▶ Data section
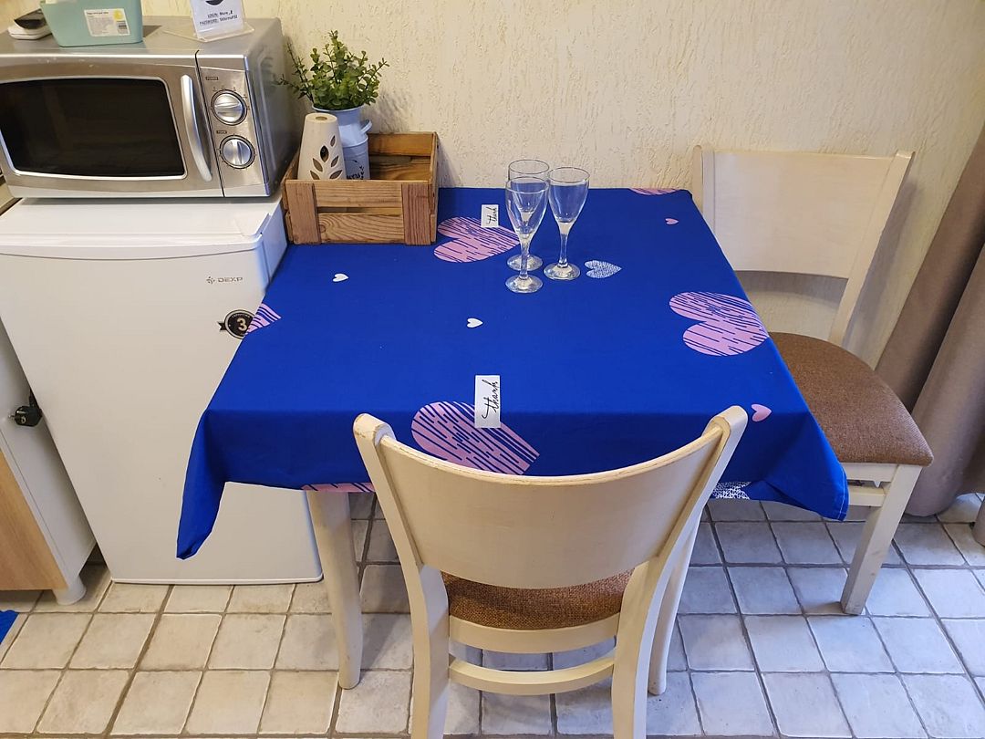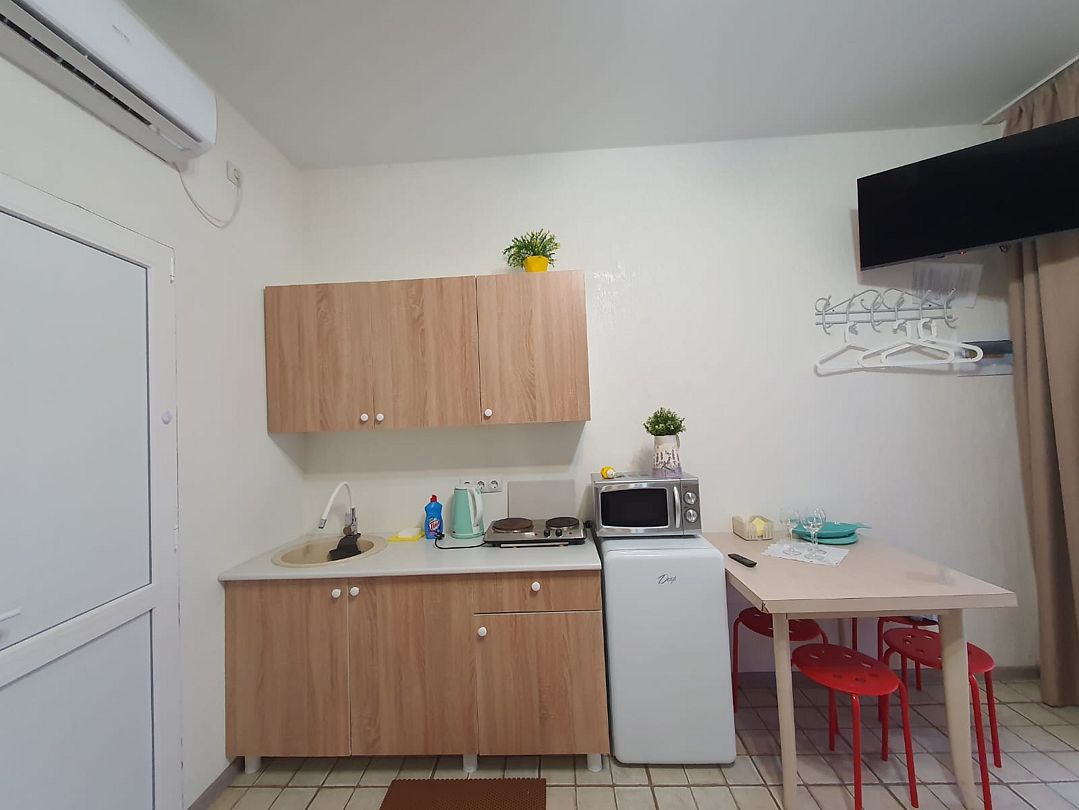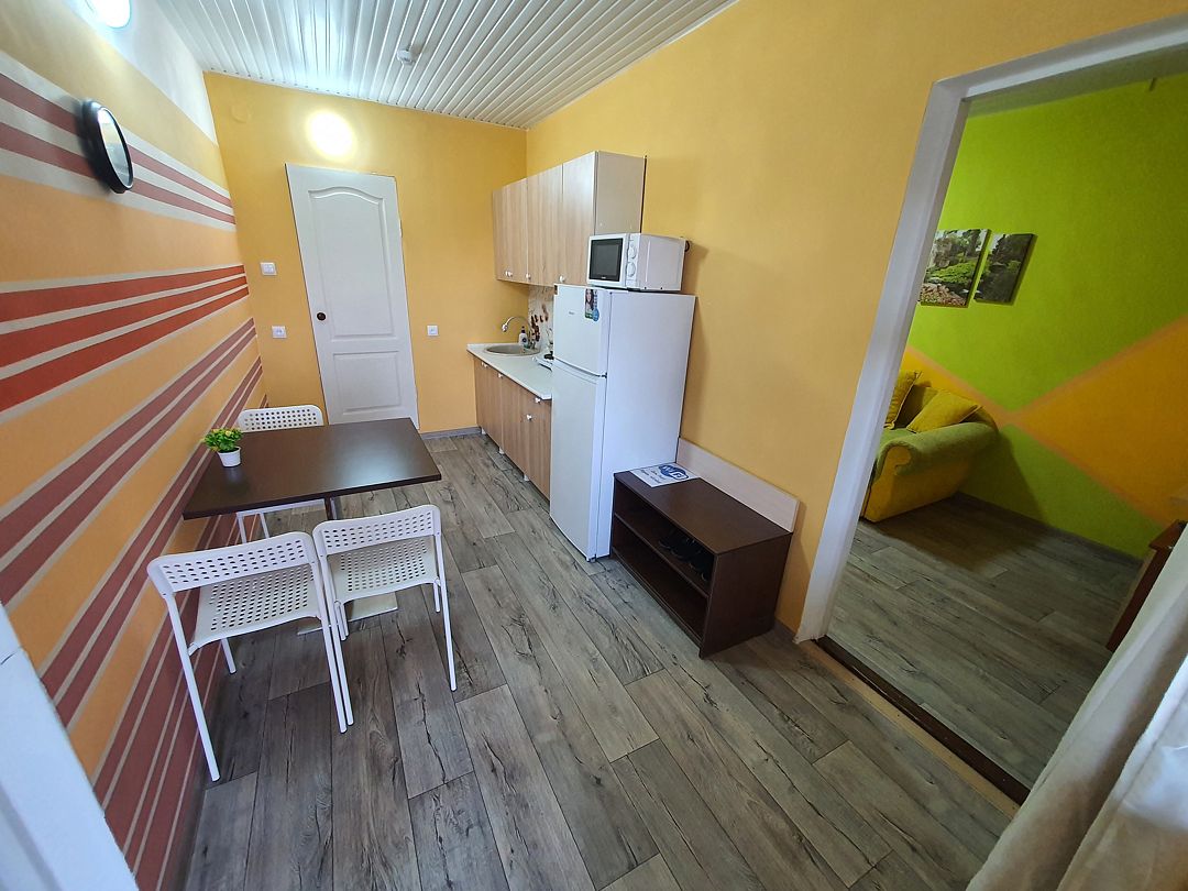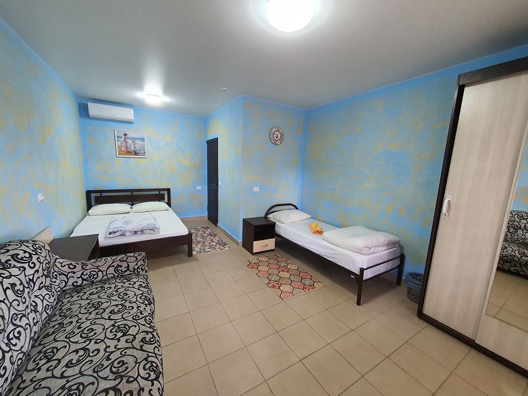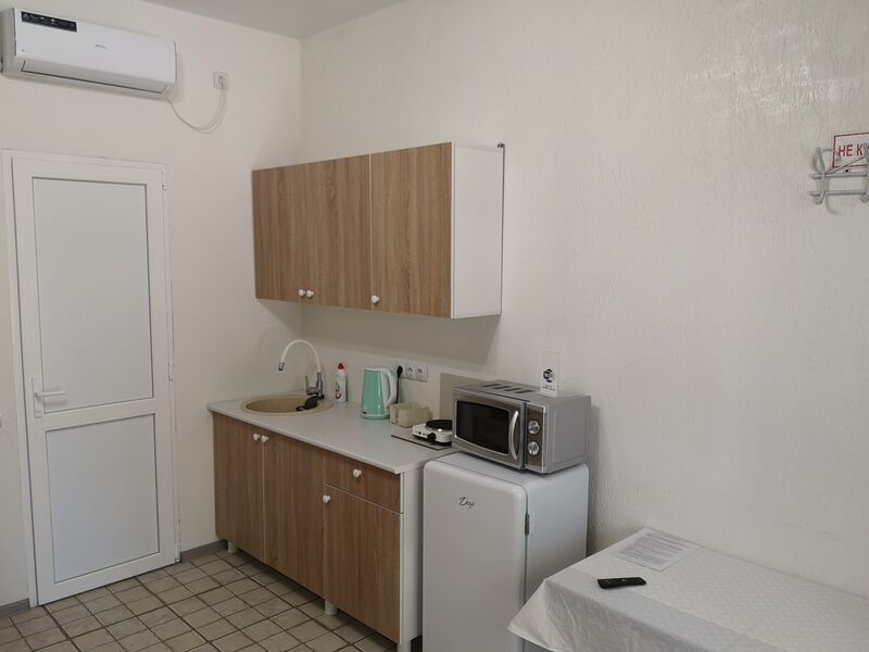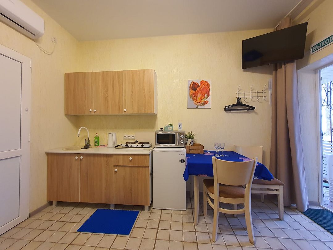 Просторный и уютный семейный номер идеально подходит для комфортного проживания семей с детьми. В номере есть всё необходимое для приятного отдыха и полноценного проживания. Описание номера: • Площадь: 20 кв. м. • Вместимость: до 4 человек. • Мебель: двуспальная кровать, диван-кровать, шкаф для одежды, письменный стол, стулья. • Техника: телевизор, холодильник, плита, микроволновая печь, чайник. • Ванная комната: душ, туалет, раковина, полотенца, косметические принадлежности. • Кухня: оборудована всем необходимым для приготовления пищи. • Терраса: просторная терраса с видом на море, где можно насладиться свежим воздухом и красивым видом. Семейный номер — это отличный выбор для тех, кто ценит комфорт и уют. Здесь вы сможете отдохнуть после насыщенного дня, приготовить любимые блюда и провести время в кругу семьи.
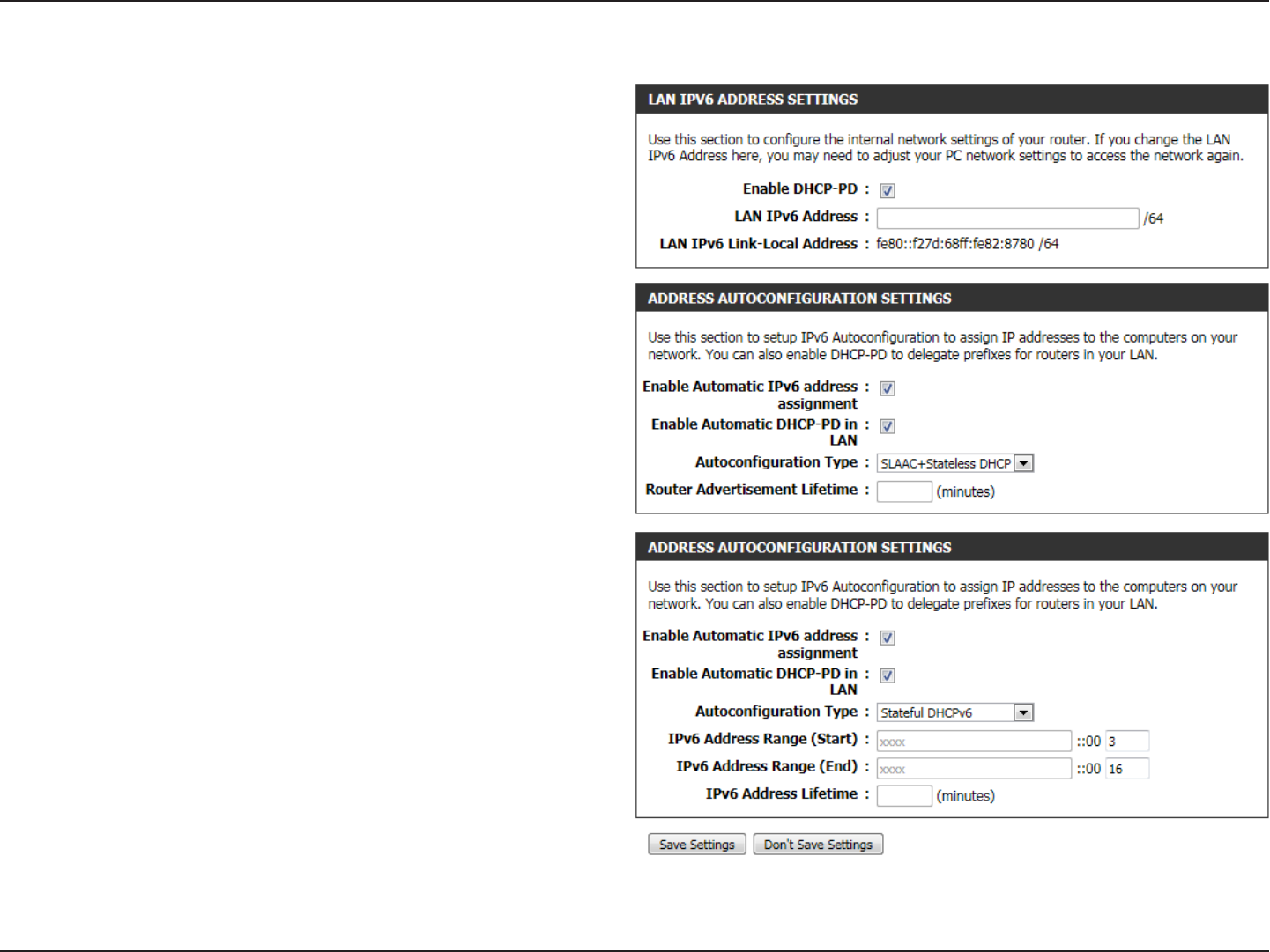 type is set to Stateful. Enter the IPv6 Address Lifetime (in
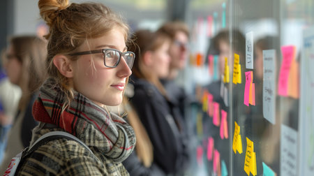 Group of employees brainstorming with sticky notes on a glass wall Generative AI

▶ What to work on
The answer must be the listing above, restated word for word, with no images in it.

▶ Your response
 Просторный и уютный семейный номер идеально подходит для комфортного проживания семей с детьми. В номере есть всё необходимое для приятного отдыха и полноценного проживания. Описание номера: • Площадь: 20 кв. м. • Вместимость: до 4 человек. • Мебель: двуспальная кровать, диван-кровать, шкаф для одежды, письменный стол, стулья. • Техника: телевизор, холодильник, плита, микроволновая печь, чайник. • Ванная комната: душ, туалет, раковина, полотенца, косметические принадлежности. • Кухня: оборудована всем необходимым для приготовления пищи. • Терраса: просторная терраса с видом на море, где можно насладиться свежим воздухом и красивым видом. Семейный номер — это отличный выбор для тех, кто ценит комфорт и уют. Здесь вы сможете отдохнуть после насыщенного дня, приготовить любимые блюда и провести время в кругу семьи.
 type is set to Stateful. Enter the IPv6 Address Lifetime (in
 Group of employees brainstorming with sticky notes on a glass wall Generative AI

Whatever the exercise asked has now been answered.